In a written summary given to Reuters of the presentation, they said Iran had refused to let inspectors interview Mohsen Fakrizadeh or visit sites where the experiments took place.

The summary also confirmed leaks that the briefing for the first time indicated Iran continued the three projects into 2004, calling into question a U.S. intelligence estimate in December that said Iran shelved weaponization research in 2003.

“This presentation was a graphic demonstration that … amplifies the concerns we’ve had for a number for years. And we are waiting for answers,” Simon Smith, British ambassador to the IAEA, told reporters after the February 25 briefing.

The disclosures came as the United States and key European allies were piling pressure on four developing nations on the U.N. Security Council to vote for sanctions against Iran on Monday for refusing to halt its uranium enrichment program.

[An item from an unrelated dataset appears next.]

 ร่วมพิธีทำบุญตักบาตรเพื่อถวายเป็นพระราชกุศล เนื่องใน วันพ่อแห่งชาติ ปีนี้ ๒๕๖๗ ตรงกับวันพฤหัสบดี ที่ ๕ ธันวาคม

Iran says its nuclear ambitions are limited to the peaceful generation of electricity and has dismissed the intelligence, key bits from a laptop smuggled out of the Islamic Republic and passed to Washington, as baseless, forged or irrelevant.

But Iran’s enrichment could be turned to fuelling atom bombs as well as power plants and it hid the program from the U.N. non-proliferation watchdog, the International Atomic Energy Agency, until 2003 after exposure by exiled Iranian dissidents.

The Vienna-based IAEA says it remains to be seen whether the new intelligence details are correct, but is demanding a full response from Iran, not just denials lacking evidence.

Fakrizadeh, a military officer, earlier headed a military-affiliated physics research centre that was razed in 2004 after the IAEA asked to inspect it for signs of undeclared nuclear research.

LINKED PROJECTS IN CODE

In the power-point presentation, IAEA safeguards chief Olli Heinonen displayed an organizational diagram linking the three projects with numbered code names — “5” for processing nuclear fuel, “110” for purported tests of an atomic device and “111” for a longer-range, Shahab-3 missile adapted to carry it.

Project 111 was also known as the “Orchid Office”.

One of dozens of slides screened by Heinonen cited a progress report on the related projects for the period July 9, 2003-January 14, 2004. Other files showed the warhead design project began in July 2002.

U.S. spy services estimated Iran halted outright “weaponization” work in 2003 but also said it continued efforts to master technology applicable to yielding nuclear explosives.

The summary said Heinonen showed diagrams depicting tests with explosives to be placed in a shaft 400 meters (1,300 feet) underground and detonated from 10 km (6 miles) away.

Electrical bridge-wire (EBW) detonators would be used to ensure the several fissile layers of the warhead blew up in a chain reaction within 130 nanoseconds.

“The high-tension firing systems and multiple EBW detonators fired simultaneously are key components of nuclear weapons,” the summary quoted Heinonen as saying.

Iran had said its explosives tests were for conventional arms only, he told the diplomats from the IAEA’s 35-nation board of governors who will debate Iran at a meeting starting Monday.

Heinonen cited documentation from “Project 111” showing steps, including mathematical simulations, to design a “spherical warhead”, suitable for the Shahab-3 missile, that would explode at a height of 600 meters (2,000 feet).

He said that altitude excluded the possibility that the warheads would be for chemical or biological weapons.

Diplomats quoted Heinonen as saying the IAEA needed more information before it could judge whether the intelligence was genuine, but the material was strong enough to press Iran with.

Heinonen said the IAEA had some of its own information and was not merely relying on Western states, the summary said.